A Kafka Stretch cluster is a single Kafka Cluster spanning multiple DCs. Using a single Kafka cluster instead of 2 clusters with MirrorMaker in between greatly simplifies the architecture of Multi DC streaming and event driven applications. However, it may result in increased latency for Kafka clients, as well as some tricky broker failover scenarios if we are not careful.
This task is about evaluating creating a new Kafka Stretch cluster in eqiad and codfw, likely with the intention of it eventually replacing the Kafka main clusters. Since the current DC-ops hardware request deadline is **this Friday May 13**, if we do want to do this, we should decide before then so we can request hardware for it.
As I do research, I will update this task description with documentation about a Kafka Stretch cluster will work.
---
Best docs I've found so far:
- https://www.confluent.io/blog/multi-region-data-replication/
(We won't be able to use the 'Observer' feature, as that in Confluent, not Apache Kafka. )Follower fetching is in Apache Kafka though.)
- http://mbukowicz.github.io/kafka/2020/08/31/kafka-in-multiple-datacenters.html
- https://downloads.ctfassets.net/oxjq45e8ilak/6icgmmPFCHtsw7KzUy9cKj/309ef5db510976b9fe018f3b5b5380a7/Two_and_The_Half_Datacenters_Foundations_of_Multi_DC_Kafka_Devoops.pdf
Notes:
- Zookeeper should be run in more than 3 DCs, e.g. '2.5' DCs. Kafka brokers are stretched between 2, but Zookeeper is 'stretched' between 3 so there is a tiebreaker ZK instance. Perhaps we'd run at least on ZK node in ulsfo?
- With follower fetching, consumers can read from partition replicas in their own DC.
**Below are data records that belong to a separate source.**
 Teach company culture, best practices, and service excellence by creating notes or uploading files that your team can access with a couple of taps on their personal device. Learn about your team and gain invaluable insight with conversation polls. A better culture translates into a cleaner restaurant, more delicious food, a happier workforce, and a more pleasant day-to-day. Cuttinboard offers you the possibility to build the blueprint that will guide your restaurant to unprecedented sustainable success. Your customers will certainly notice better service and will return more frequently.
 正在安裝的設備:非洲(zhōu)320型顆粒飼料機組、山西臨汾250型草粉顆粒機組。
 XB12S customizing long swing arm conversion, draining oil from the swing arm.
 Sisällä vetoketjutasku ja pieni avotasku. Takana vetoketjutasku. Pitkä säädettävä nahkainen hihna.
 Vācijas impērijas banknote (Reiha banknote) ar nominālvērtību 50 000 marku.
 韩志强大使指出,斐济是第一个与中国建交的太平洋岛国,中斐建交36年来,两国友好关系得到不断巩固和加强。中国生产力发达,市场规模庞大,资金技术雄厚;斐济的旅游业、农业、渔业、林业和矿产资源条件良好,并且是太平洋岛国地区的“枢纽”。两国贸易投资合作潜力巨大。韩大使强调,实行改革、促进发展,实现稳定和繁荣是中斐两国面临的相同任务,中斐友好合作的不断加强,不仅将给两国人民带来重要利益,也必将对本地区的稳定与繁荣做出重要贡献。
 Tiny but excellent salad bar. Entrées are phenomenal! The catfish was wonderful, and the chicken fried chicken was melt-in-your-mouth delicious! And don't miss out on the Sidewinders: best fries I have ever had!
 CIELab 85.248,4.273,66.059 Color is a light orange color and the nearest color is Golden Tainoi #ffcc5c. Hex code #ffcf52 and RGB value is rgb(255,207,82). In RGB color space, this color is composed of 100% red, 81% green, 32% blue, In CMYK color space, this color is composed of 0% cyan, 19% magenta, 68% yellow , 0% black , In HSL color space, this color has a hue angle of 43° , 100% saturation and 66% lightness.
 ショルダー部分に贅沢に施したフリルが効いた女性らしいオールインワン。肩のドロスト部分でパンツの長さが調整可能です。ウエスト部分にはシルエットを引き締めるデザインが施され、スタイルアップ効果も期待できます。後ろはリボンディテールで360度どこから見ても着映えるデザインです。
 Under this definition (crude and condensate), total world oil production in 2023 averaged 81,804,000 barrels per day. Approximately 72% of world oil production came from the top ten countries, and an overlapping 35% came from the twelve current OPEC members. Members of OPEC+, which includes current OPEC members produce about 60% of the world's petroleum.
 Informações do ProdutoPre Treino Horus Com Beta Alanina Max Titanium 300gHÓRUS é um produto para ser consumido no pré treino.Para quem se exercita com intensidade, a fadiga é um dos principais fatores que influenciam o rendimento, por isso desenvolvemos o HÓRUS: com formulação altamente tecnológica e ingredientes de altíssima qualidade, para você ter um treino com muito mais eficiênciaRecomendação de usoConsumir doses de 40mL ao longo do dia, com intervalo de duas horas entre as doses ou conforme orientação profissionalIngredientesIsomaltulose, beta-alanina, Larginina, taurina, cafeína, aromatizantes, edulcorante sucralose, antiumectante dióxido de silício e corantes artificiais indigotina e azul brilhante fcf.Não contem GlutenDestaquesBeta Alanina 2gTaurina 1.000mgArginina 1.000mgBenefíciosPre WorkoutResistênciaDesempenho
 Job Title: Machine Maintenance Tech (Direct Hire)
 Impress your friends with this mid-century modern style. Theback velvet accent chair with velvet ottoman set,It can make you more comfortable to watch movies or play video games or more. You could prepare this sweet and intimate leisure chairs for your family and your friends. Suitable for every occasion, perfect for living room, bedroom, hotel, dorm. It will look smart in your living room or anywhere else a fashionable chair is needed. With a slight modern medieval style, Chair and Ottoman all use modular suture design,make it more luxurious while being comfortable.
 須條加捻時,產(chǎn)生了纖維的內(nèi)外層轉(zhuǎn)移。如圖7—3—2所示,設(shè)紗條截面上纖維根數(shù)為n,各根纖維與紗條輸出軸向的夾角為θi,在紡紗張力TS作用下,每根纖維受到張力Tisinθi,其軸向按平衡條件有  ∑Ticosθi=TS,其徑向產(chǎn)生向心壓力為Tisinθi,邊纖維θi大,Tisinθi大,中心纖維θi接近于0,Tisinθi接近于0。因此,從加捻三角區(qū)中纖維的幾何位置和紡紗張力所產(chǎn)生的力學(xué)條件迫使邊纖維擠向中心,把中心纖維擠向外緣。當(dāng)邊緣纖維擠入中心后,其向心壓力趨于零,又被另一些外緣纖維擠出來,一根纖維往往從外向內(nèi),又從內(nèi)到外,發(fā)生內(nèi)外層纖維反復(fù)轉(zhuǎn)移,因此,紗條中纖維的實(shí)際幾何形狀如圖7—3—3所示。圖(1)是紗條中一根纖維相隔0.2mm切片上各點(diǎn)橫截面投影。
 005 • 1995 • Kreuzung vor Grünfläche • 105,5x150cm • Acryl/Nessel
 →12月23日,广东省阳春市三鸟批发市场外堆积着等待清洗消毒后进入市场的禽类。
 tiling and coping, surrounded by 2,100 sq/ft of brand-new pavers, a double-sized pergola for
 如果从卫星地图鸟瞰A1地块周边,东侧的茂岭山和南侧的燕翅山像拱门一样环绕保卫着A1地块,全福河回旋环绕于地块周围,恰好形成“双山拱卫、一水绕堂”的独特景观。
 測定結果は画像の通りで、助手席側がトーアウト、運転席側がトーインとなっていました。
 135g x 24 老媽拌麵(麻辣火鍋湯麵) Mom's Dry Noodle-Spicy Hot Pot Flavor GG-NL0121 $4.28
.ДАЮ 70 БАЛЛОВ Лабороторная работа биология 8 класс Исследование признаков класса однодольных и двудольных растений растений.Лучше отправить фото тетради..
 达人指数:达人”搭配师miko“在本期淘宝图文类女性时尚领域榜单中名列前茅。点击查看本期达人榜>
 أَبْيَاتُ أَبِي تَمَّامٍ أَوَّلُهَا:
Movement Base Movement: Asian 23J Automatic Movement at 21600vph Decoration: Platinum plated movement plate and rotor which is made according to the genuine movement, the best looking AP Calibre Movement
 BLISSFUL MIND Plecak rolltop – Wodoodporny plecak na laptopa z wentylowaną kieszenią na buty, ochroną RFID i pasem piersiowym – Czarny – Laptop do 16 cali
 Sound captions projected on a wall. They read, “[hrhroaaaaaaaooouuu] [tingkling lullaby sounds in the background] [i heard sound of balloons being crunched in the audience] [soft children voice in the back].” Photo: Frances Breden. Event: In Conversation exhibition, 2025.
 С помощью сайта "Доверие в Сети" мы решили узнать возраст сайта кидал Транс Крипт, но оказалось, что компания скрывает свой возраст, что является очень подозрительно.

- IIUC, producers will always have to produce to the leader of the partition, which will only be on one broker at a time, which means only in one DC at a time. This will introduce latency to some produce requests, especially if `acks=all`. If `acks=all`, then all in-sync replicas must ACK the message before the Kafka producer client will receive its ACK. If I partition X has replicas in B1(eqiad), B2(codfw), B3(codfw), and I produce to partition X from codfw, my message will go: Producer(codfw) -> B1(eqiad) -> (B2(codfw) and B3(codfw)) and then ACK all the way back again, crossing the DC twice before the producer receives ACK.
- The leadership of a partition can change at any time, but will change most often (for us) during regular broker restarts. This means that regular rolling broker restarts will shuffle the cross DC network connections. As each broker is restarted, producers to partition leaders on that broker will re-connect to whatever brokers arer promoted to leaders for those partitions.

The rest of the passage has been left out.